Não tenhas medo da morte. Ela chegará quando tiver que chegar, e levará quem tiver que levar. Aproveita a vida, porque estar vivo e não viver é uma morte lenta e dolorosa. 

Não tenhas medo. Sê forte e não percas, nunca, a coragem. E lembra-te sempre, mesmo nos dias mais nebulosos, principalmente nesses, de que tu és importante, tu és tudo o que tens. Ama-te e respeita-te como se se tratasse da pessoa mais importante da tua vida, porque é exatamente isso que tu és. 

11.11.20

Cair da noite

V de Viver

A noite caí e sentes-te perdida. Não sabes mais o porquê de andar aqui. Não sabes nada, nem sequer para onde te virar. Fraquejas e, mesmo sabendo que és tudo o que precisas, dás-te conta que precisas de mais qualquer coisa. Surge aquele curto momento em que a solidão não é aquilo que queres. Em que ela é a tua pior inimiga. O momento em que pensas em tudo o que podia ter sido e não foi. Em tudo o que podias ter feito e não fizeste. Colocas para tocar aquela música triste, como se não tivesses já triste o bastante. Olhas para trás e tentas escrutinar todos os teus erros, mesmo sabendo que esse é o maior erro.
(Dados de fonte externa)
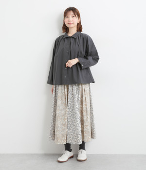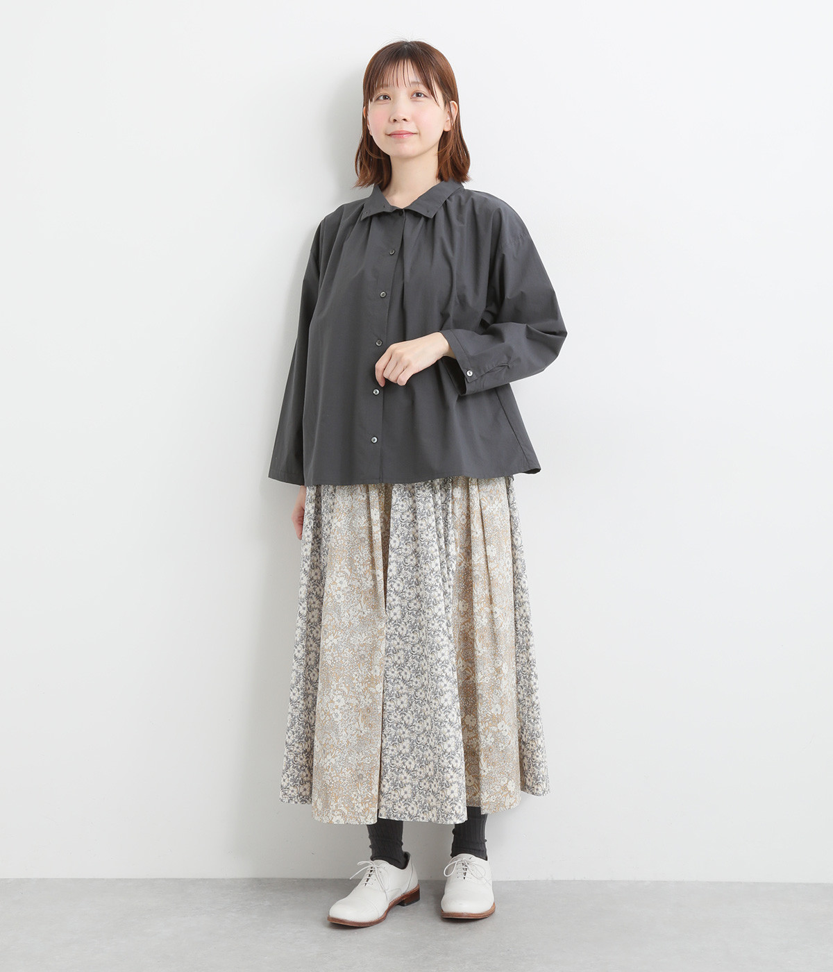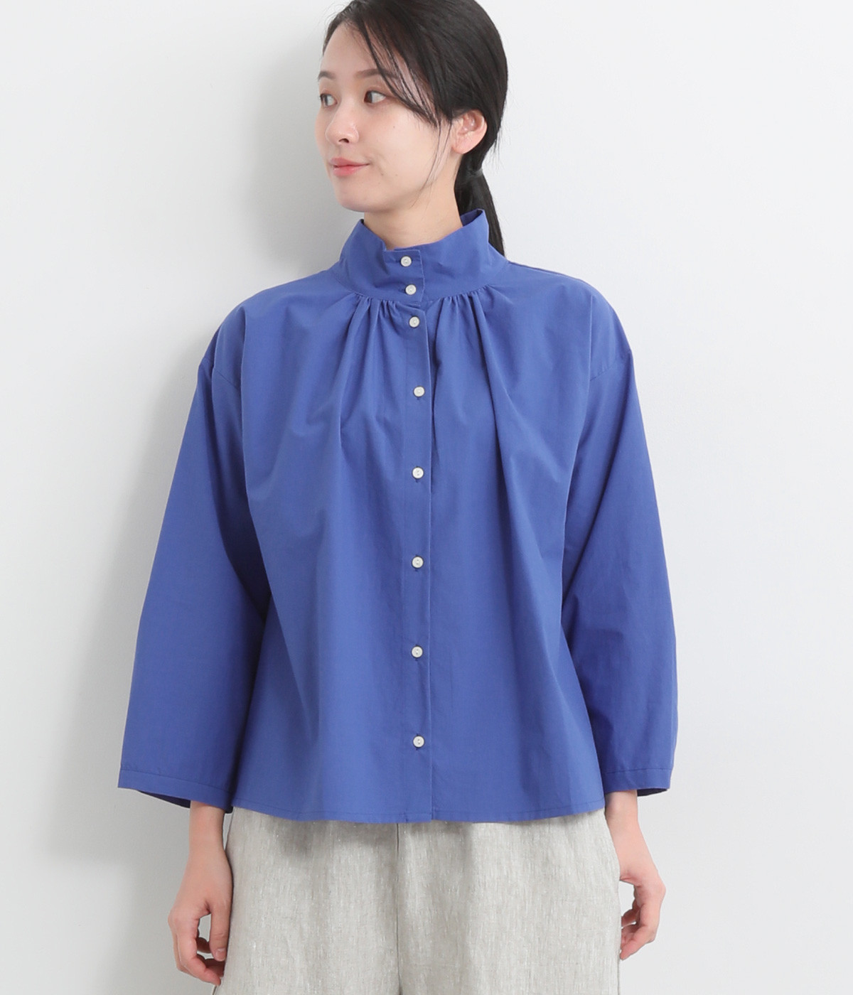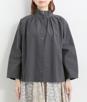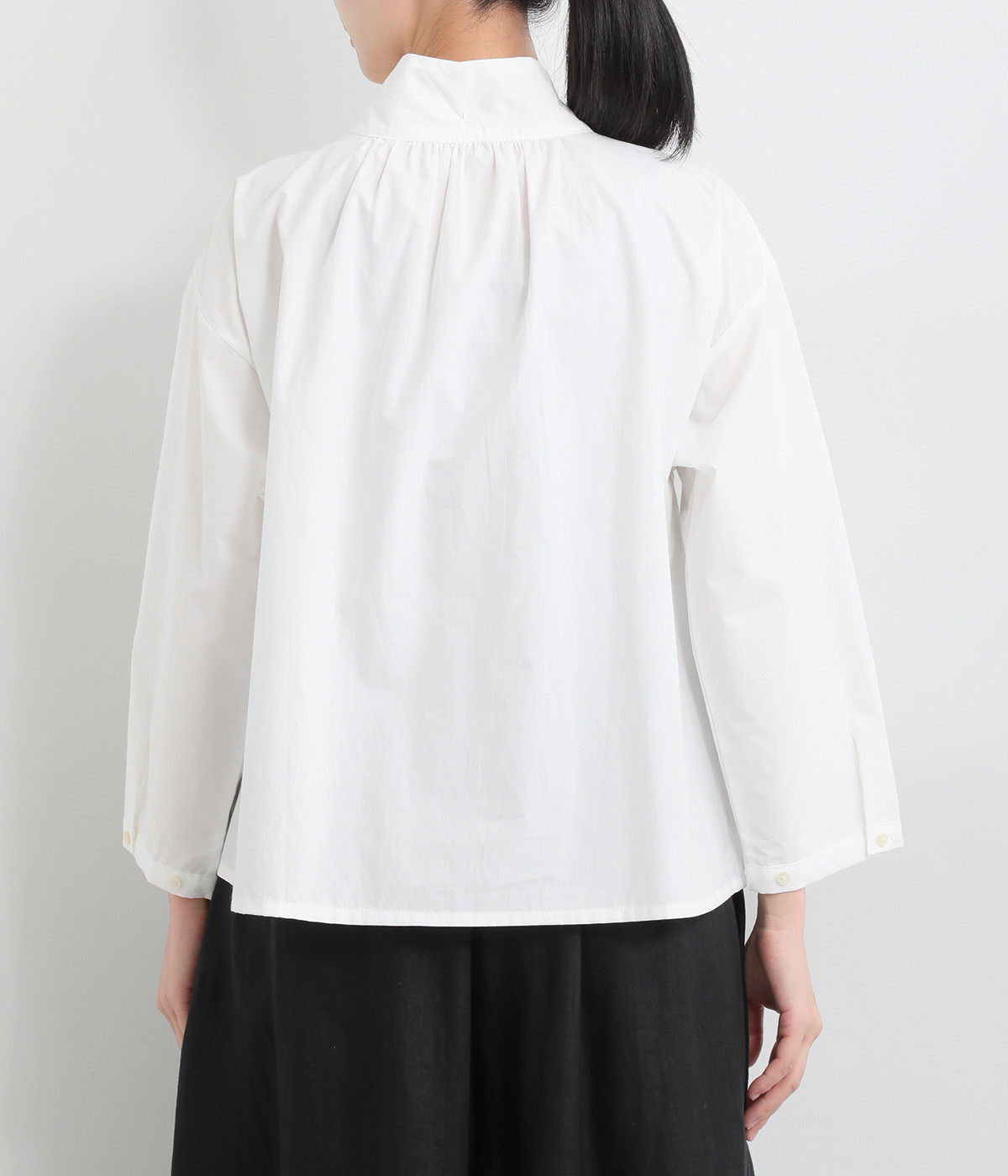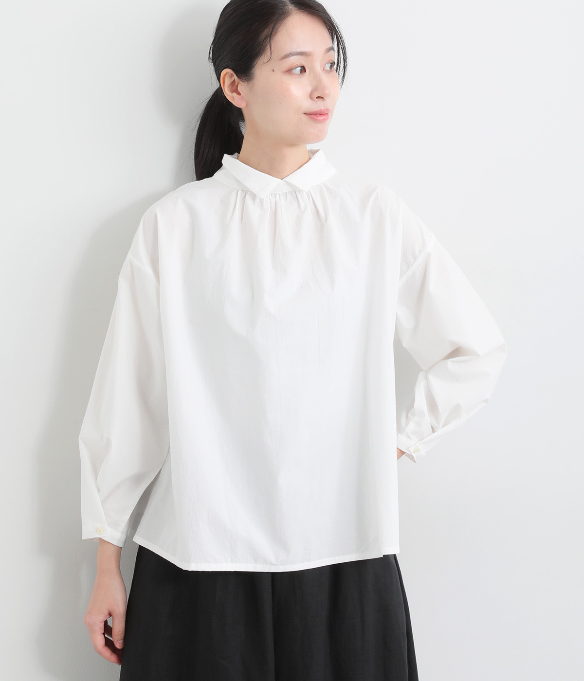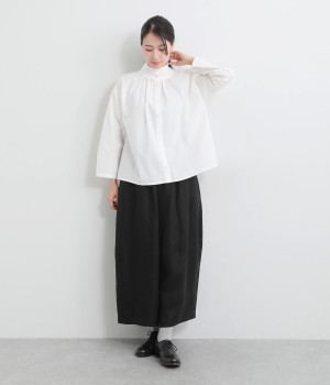 洗いざらしのシワ感やソフトなふくらみ、動きを持たせたワッシャー感が特徴的な、巧みな染色技法「近江晒」のコットンを使用。軽やかなのに独特の存在感があってメイン使いにもなる生地感です。

O dia foi longuíssimo, e só te tens a ti, à música e à chama da vela. Precisas de um abraço ou de uma palavra de conforto e sabes que não há ninguém para a dar. Tudo o que querias era um carinho e ouvir que vai ficar tudo bem. As lágrimas teimam em correr. Abraças-te só para ter a certeza que ainda ali estás, porque por dentro estás em pedaços. Ouves música no volume máximo para não teres de ouvir o barulho da tua solidão. Dás-te conta das situações em que te envolveste na vida, dos erros, dos acertos, dos caminhos sinuosos já trilhados. Quando percebes que continuas a caminhar sem saber a direção. A noite caiu e dás-te conta de que só te tens, realmente, a ti. E é aí que decides, tens que decidir, que precisas de sair desta situação. Percebes finalmente que te estás a afogar. Lutas para emergir, procuras fôlego. Precisas de ar, urgentemente. Precisas de retirar aquela pedra enorme que te caiu sobre o peito. Lutas para a tirar de lá. Procuras sorrir, buscas um motivo, algo que te prove que estás feliz assim. Agarras-te às lembranças para depois as deixares cair. Aferras-te à esperança. É tudo o que resta. A esperença de que também esta tempestade passe. E tu sabes que vai passar. E é a pensar no que ainda está por vir que fechas os olhos e adormeces. A vida passa, é isso que temes. Mas respira. Acredita. Enquanto te tiveres a ti, enquanto não te perderes de quem és, então há esperança.